Sango sah ihn böse an bevor sie wütend zu den Bänken marschierte, ihre Jacke aufhob und hinausstürmte. „Du bist so ein Arsch. Ich schäme mich dafür, für dich zu arbeiten.", blaffte sie zum Abschied über ihre Schulter als die Tür zuschlug.

„Gute Reise.", murmelte InuYasha sich selbst zu.

Es hatte keinen Sinn ihn zu fragen, was mit ihm los war, weil er es selbst nicht wusste. Alles, das er wusste war, dass es irgendwie Kagomes Schuld war. Er war gar nicht so sauer auf sie, weil sie das Kleid seiner Mutter angezogen hatte … tatsächlich hatte sie gar nicht einmal so schlecht darin ausgesehen und rot stand ihr wirklich. Was ihn wütend machte war, dass sein Mund vergessen hatte sein Gehirn um Erlaubnis zu bitten, bevor er sprach und er eine ziemlich grausame, aber wahre Bemerkung gemacht hatte. Irgendetwas an ihr hatte ihn vergessen lassen, seine Zunge zu hüten … mit diesem letzten Kommentar über den Kuss war sie ihm direkt unter die Haut gekrochen und er hatte sie damit einfach nicht davonkommen lassen können, obwohl er genau wusste, dass er nicht sagen hätte sollen, was er wirklich über dieses Kleid dachte. Seine Fassade bröckelte von Tag zu Tag, den er in ihrer Gegenwart verbrachte.

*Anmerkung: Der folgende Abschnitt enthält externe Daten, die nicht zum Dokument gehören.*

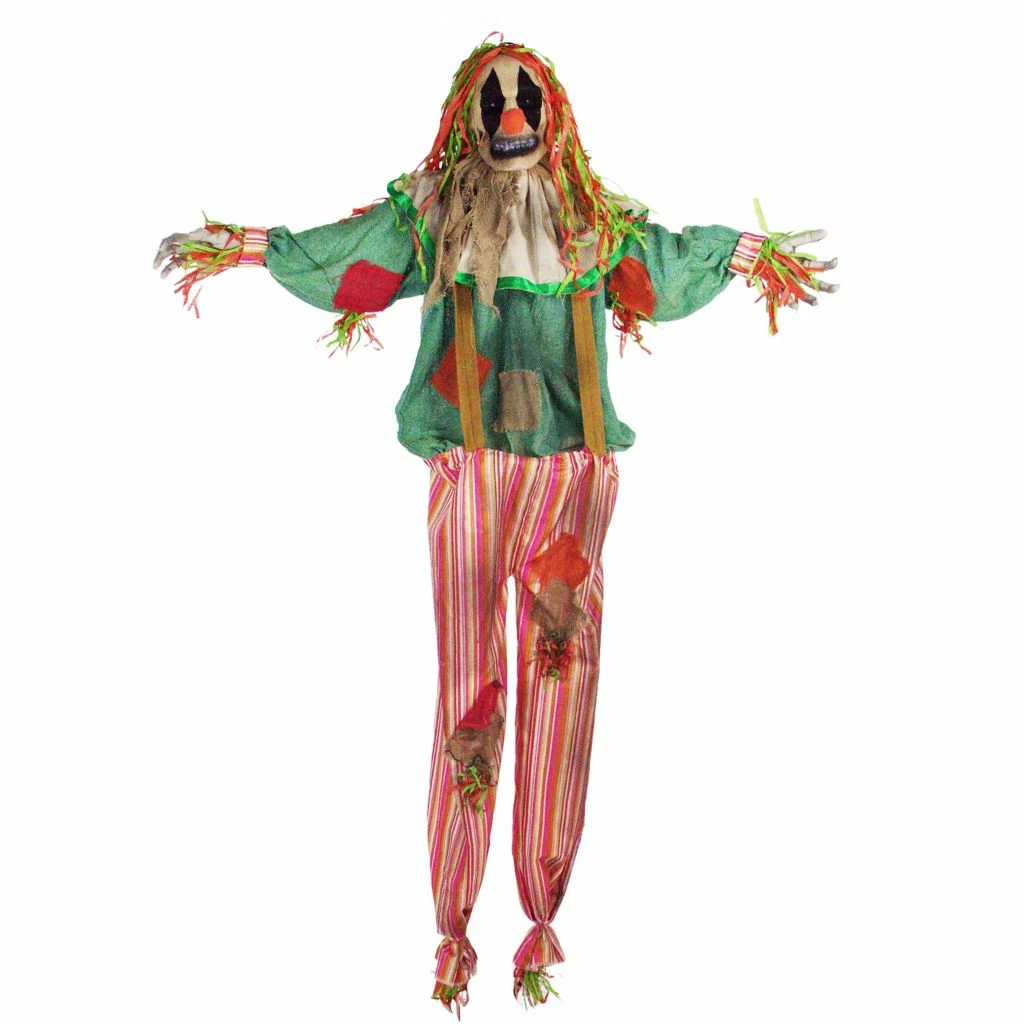 - 65-in. animatronic poseable scarecrow clown for indoor and covered outdoor displays

Das war es, was ihn störte. Denn er wusste, dass wenn er noch länger mit ihr zusammen sein müsste, gänzlich aus der Fassung geraten würde. Das durfte nicht geschehen, icht nach all diesen Jahren der Kontrolle.

Er hörte auf, auf den Beutel einzuschlagen und fing ihn mit seinen Händen auf, bevor dieser gegen ihn prallen konnte. Er hielt ihn ganz fest und ließ die Spitzen seiner Klauen in den Stoff hineinsinken und versuchte so zu tun, als hätte er stattdessen Kagomes Form.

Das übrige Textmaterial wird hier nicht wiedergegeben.